**Assignment:**
Return an exact copy of the lines from the one holding "Black Gem, XPPT1314" to the end of the data, including both the starting and final lines. Leave the pictures out.

**Data extracts:**
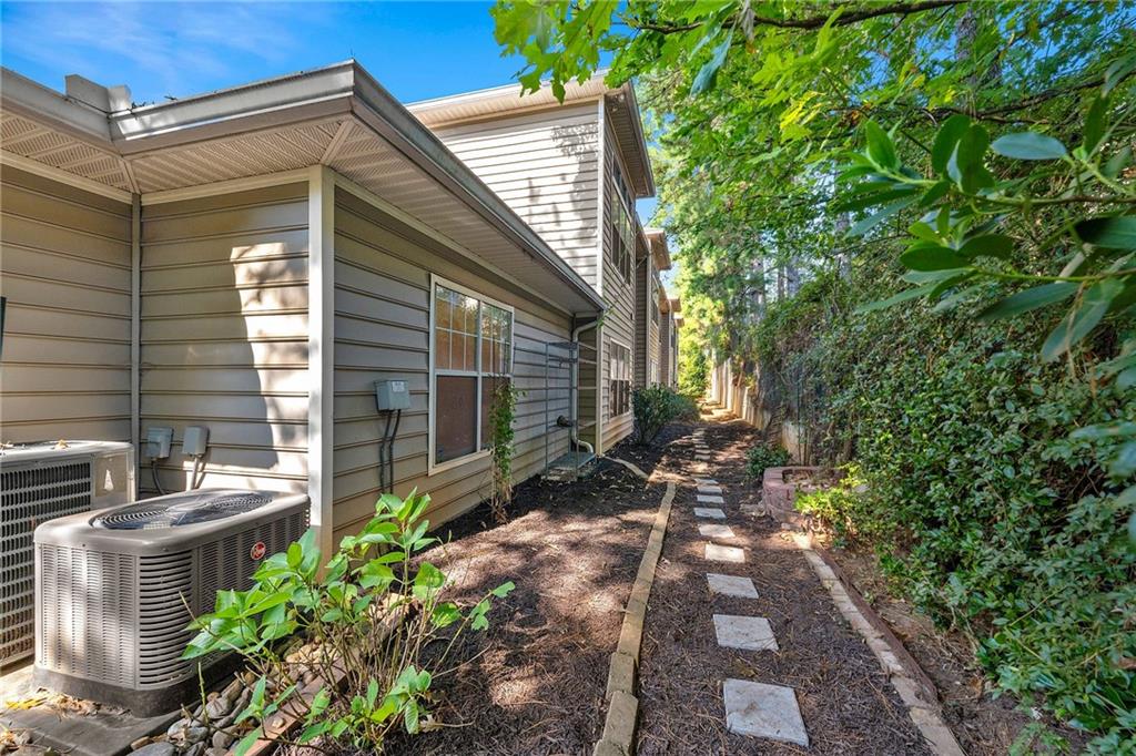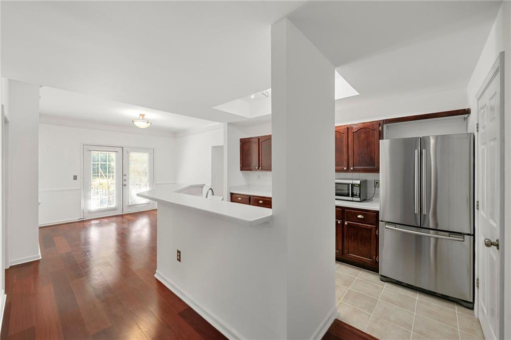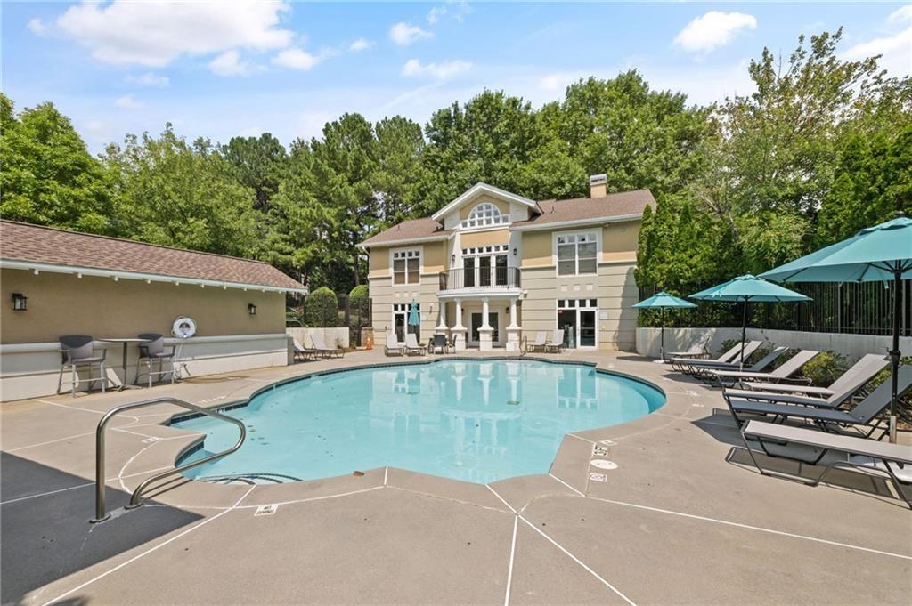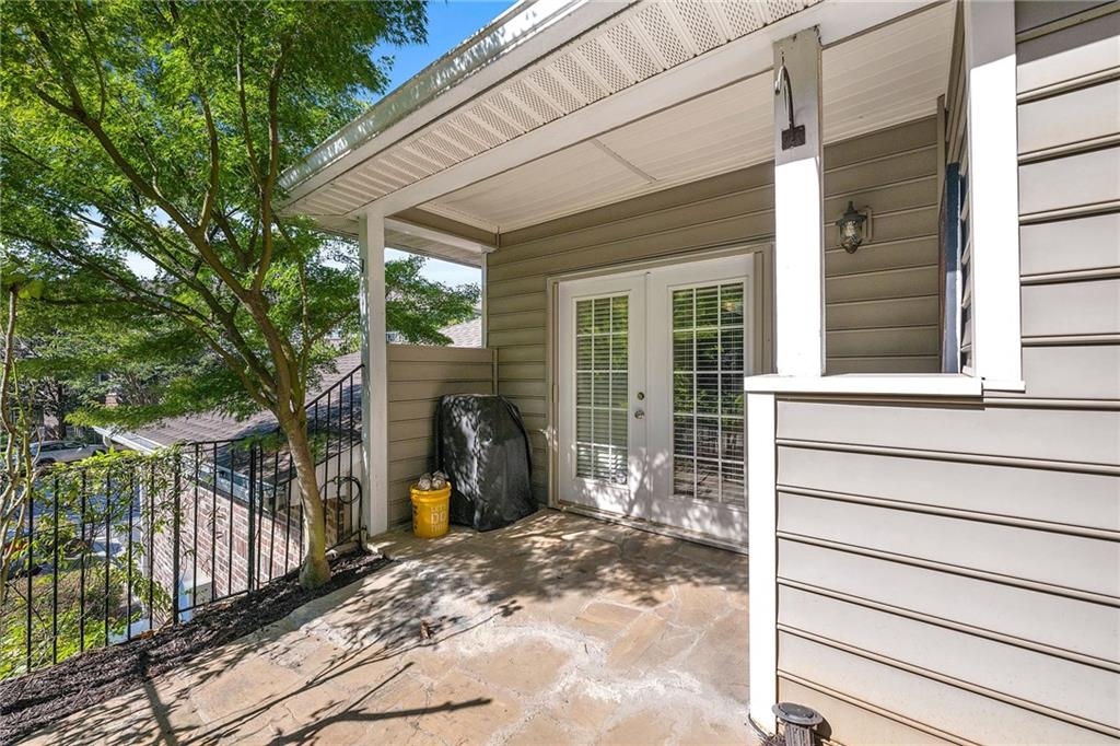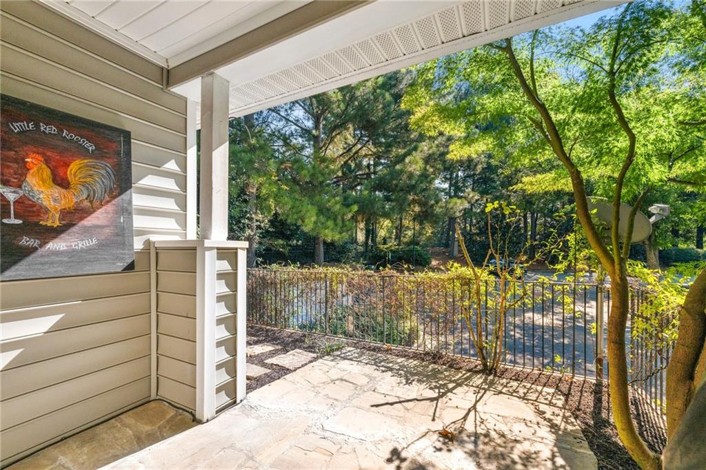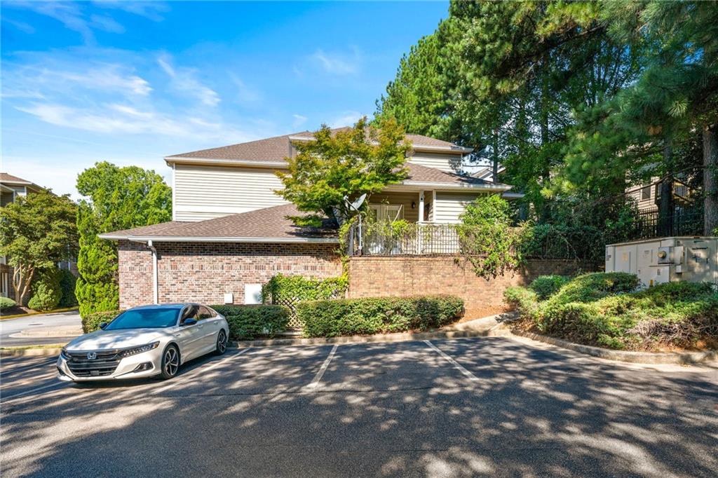 Rare end-unit townhouse in Carrington Park with a one-car garage, driveway, and private patio! This is one of only two units in the community featuring a private patio and expansive outdoor space. Wonderful location near all the attractions of Buckhead, yet tucked away in a private, gated community. Upon entering this townhouse-style condo, you'll find a welcoming foyer leading to the main level. The spacious main floor boasts gleaming hardwood floors and an open-concept layout connecting the kitchen, dining area, and living room. The updated kitchen is equipped with stainless steel appliances, a breakfast bar, solid surface countertops, and an open view into the living room. The dining area overlooks the private, covered patio in the back. The home features a roommate-style floorplan with en suites in both bedrooms. The primary bedroom offers a walk-in closet and an en suite with a tub/shower combo. The one-car garage includes additional storage space. The newer washer/dryer and refrigerator are included with the property. Immaculately maintained by the owner, with fresh paint throughout, new countertops in 2022, and a roof that’s just one year old. Conveniently located near GA400, I-85, I-75, and all that Buckhead has to offer. FHA approved!
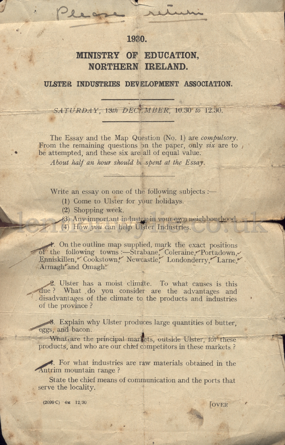 5) 1930 Ministry of Education Northern Ireland. Ulster Industries
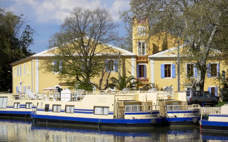 Port Canal du Midi, moored boats and facade of the hamlet of Somail
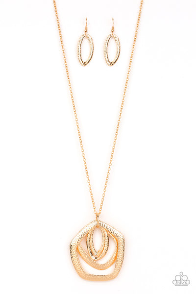 A collection of hammered geometric frames swing from the bottom of a lengthened gold chain, creating a bold artisan inspired pendant. Features an adjustable clasp closure.
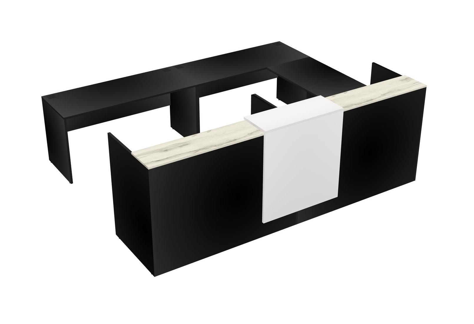 Bureau D'accueil Modulaire Partagé En U Avec Comptoir Flottant Et Tiroirs Mobiles En Bois
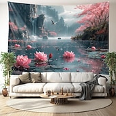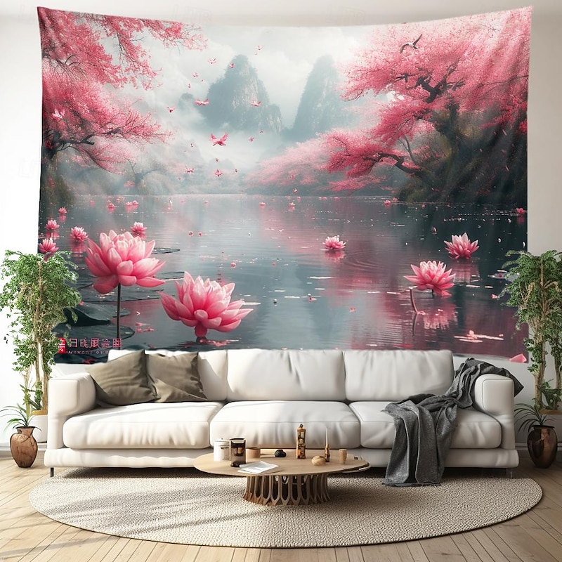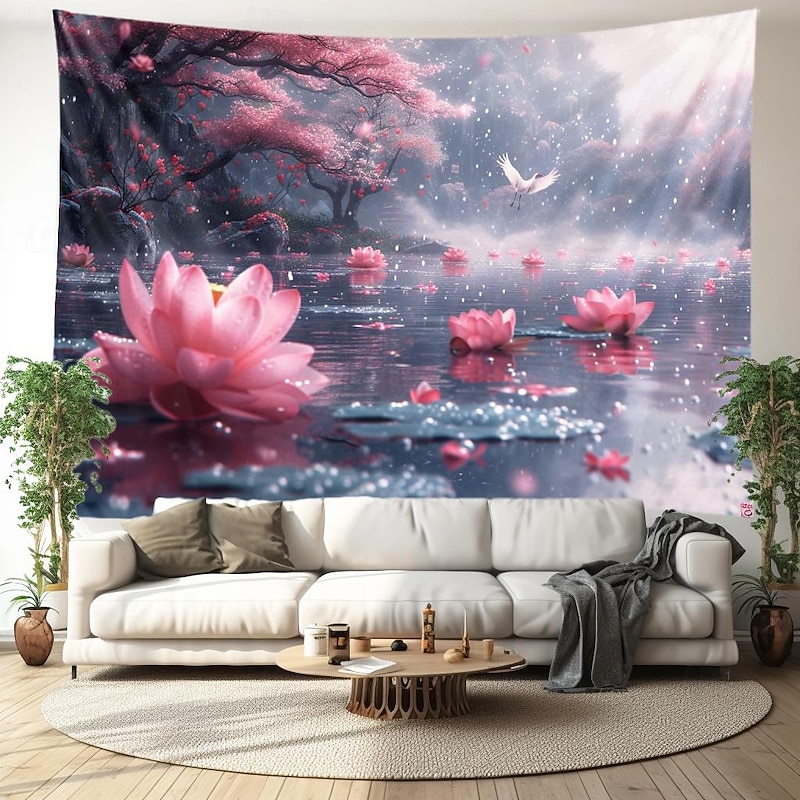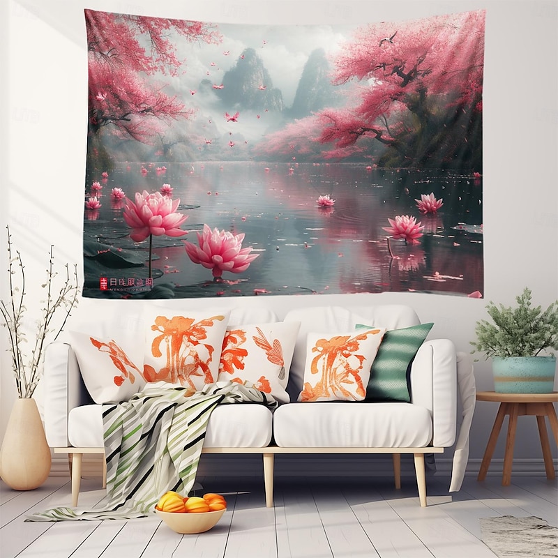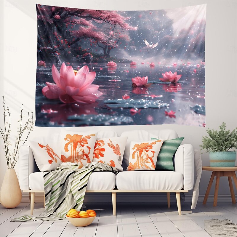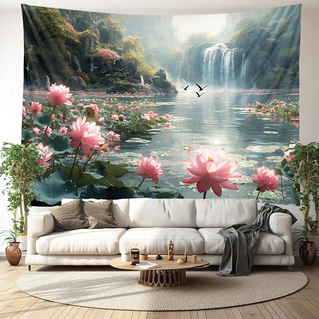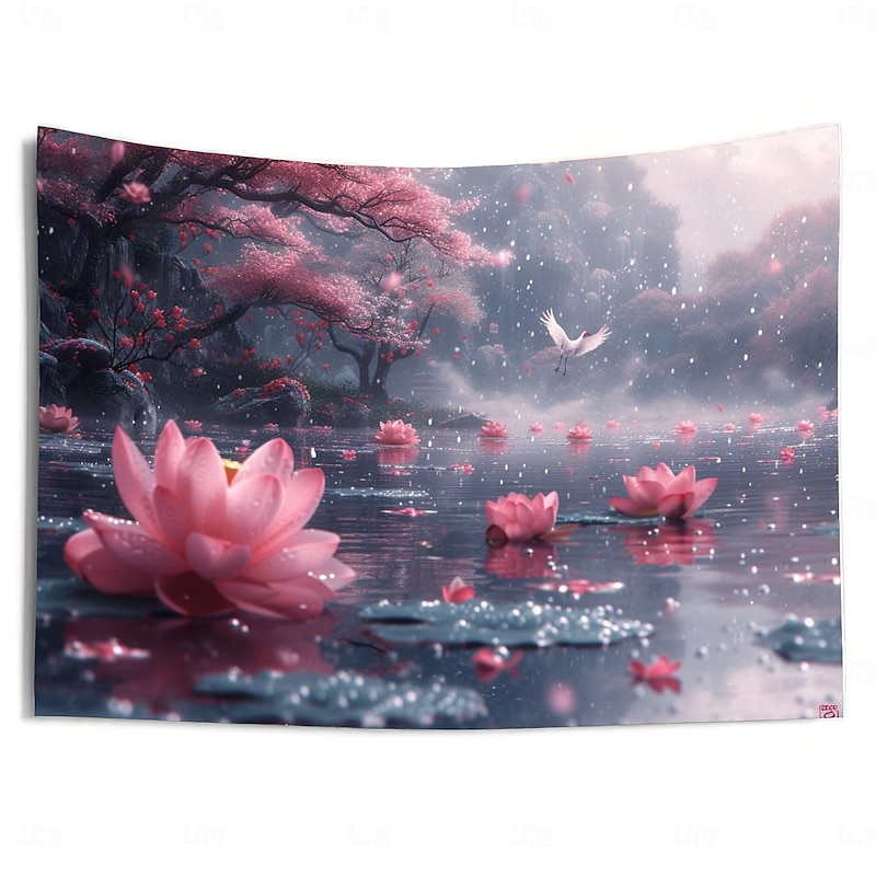 Lotus Pound Landscape Hanging Tapestry Wall Art Large Tapestry Mural Decor Photograph Backdrop Blanket Curtain Home Bedroom Living Room Decoration
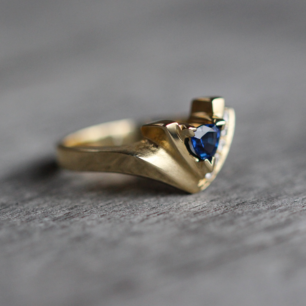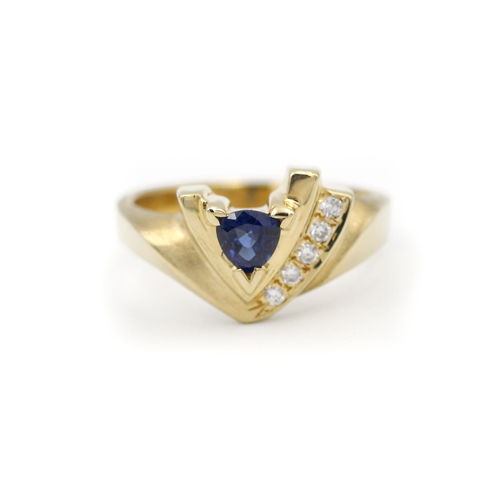 Retro 14K Yellow Gold, Trillion Sapphire, and Diamond Ring
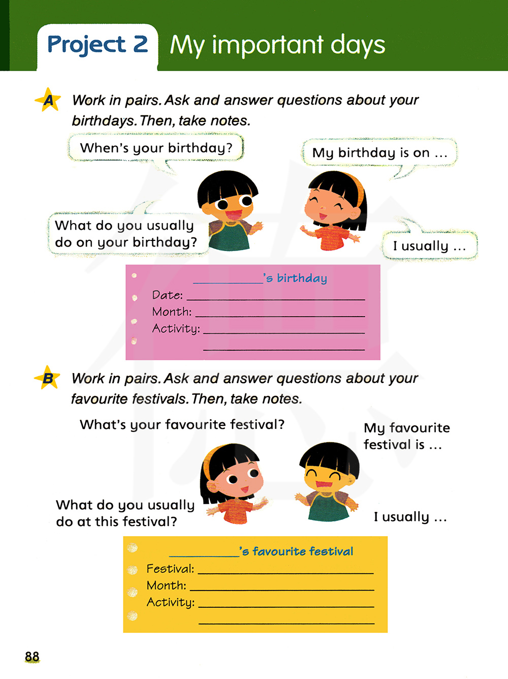 小组练习。提问并回答关于你们的生日的问题。然后,做笔记。
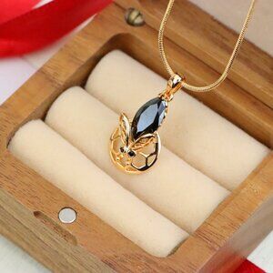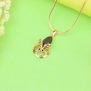 "Rose Gold Honeycomb Butterfly Pendant with Black Gem, XPPT1314
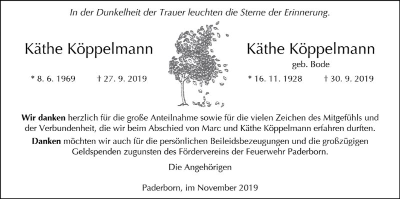 Ich habe leider erst heute erfahren, dass Frau Käthe Köppelmann uns verlassen hat

**Answer area:**
 "Rose Gold Honeycomb Butterfly Pendant with Black Gem, XPPT1314
 Ich habe leider erst heute erfahren, dass Frau Käthe Köppelmann uns verlassen hat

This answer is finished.